Please retype the listing below word for word and exclude its images.

PROVIDED DATA
+++
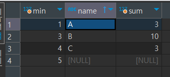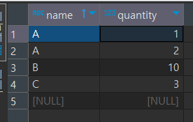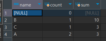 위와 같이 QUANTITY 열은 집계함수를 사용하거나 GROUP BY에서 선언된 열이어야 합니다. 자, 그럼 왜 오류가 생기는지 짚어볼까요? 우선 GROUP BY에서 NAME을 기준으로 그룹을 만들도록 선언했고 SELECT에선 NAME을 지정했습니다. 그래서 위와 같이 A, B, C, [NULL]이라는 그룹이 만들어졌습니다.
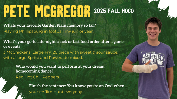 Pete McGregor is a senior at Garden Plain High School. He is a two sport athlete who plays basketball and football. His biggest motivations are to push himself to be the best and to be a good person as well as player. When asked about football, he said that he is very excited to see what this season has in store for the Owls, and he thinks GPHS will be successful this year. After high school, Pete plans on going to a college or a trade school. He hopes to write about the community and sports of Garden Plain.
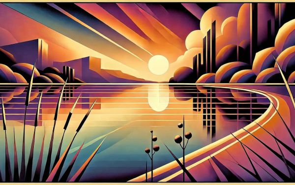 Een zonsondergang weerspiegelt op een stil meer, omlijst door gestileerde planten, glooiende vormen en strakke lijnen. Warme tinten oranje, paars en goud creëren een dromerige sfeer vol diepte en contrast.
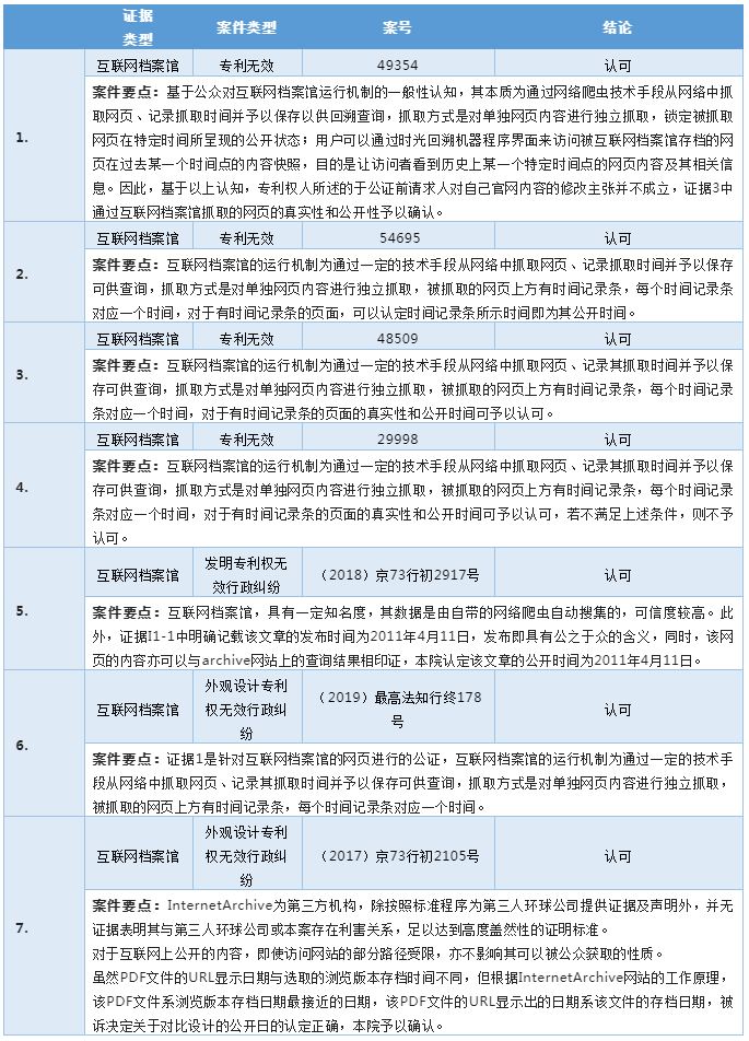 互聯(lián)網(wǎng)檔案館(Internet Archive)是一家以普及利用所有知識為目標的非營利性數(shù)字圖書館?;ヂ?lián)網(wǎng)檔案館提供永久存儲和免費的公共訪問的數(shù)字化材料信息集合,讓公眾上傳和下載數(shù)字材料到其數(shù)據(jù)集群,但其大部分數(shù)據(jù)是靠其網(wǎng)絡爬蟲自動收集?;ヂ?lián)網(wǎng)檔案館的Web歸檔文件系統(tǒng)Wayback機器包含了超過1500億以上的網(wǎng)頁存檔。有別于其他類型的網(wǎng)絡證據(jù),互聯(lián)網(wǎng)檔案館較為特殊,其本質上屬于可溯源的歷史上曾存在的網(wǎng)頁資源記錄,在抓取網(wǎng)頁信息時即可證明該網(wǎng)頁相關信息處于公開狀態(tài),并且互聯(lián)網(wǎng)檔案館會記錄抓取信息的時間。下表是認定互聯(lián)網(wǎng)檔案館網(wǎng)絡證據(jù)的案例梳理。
+++
TASK ANSWER
 위와 같이 QUANTITY 열은 집계함수를 사용하거나 GROUP BY에서 선언된 열이어야 합니다. 자, 그럼 왜 오류가 생기는지 짚어볼까요? 우선 GROUP BY에서 NAME을 기준으로 그룹을 만들도록 선언했고 SELECT에선 NAME을 지정했습니다. 그래서 위와 같이 A, B, C, [NULL]이라는 그룹이 만들어졌습니다.
 Pete McGregor is a senior at Garden Plain High School. He is a two sport athlete who plays basketball and football. His biggest motivations are to push himself to be the best and to be a good person as well as player. When asked about football, he said that he is very excited to see what this season has in store for the Owls, and he thinks GPHS will be successful this year. After high school, Pete plans on going to a college or a trade school. He hopes to write about the community and sports of Garden Plain.
 Een zonsondergang weerspiegelt op een stil meer, omlijst door gestileerde planten, glooiende vormen en strakke lijnen. Warme tinten oranje, paars en goud creëren een dromerige sfeer vol diepte en contrast.
 互聯(lián)網(wǎng)檔案館(Internet Archive)是一家以普及利用所有知識為目標的非營利性數(shù)字圖書館?;ヂ?lián)網(wǎng)檔案館提供永久存儲和免費的公共訪問的數(shù)字化材料信息集合,讓公眾上傳和下載數(shù)字材料到其數(shù)據(jù)集群,但其大部分數(shù)據(jù)是靠其網(wǎng)絡爬蟲自動收集?;ヂ?lián)網(wǎng)檔案館的Web歸檔文件系統(tǒng)Wayback機器包含了超過1500億以上的網(wǎng)頁存檔。有別于其他類型的網(wǎng)絡證據(jù),互聯(lián)網(wǎng)檔案館較為特殊,其本質上屬于可溯源的歷史上曾存在的網(wǎng)頁資源記錄,在抓取網(wǎng)頁信息時即可證明該網(wǎng)頁相關信息處于公開狀態(tài),并且互聯(lián)網(wǎng)檔案館會記錄抓取信息的時間。下表是認定互聯(lián)網(wǎng)檔案館網(wǎng)絡證據(jù)的案例梳理。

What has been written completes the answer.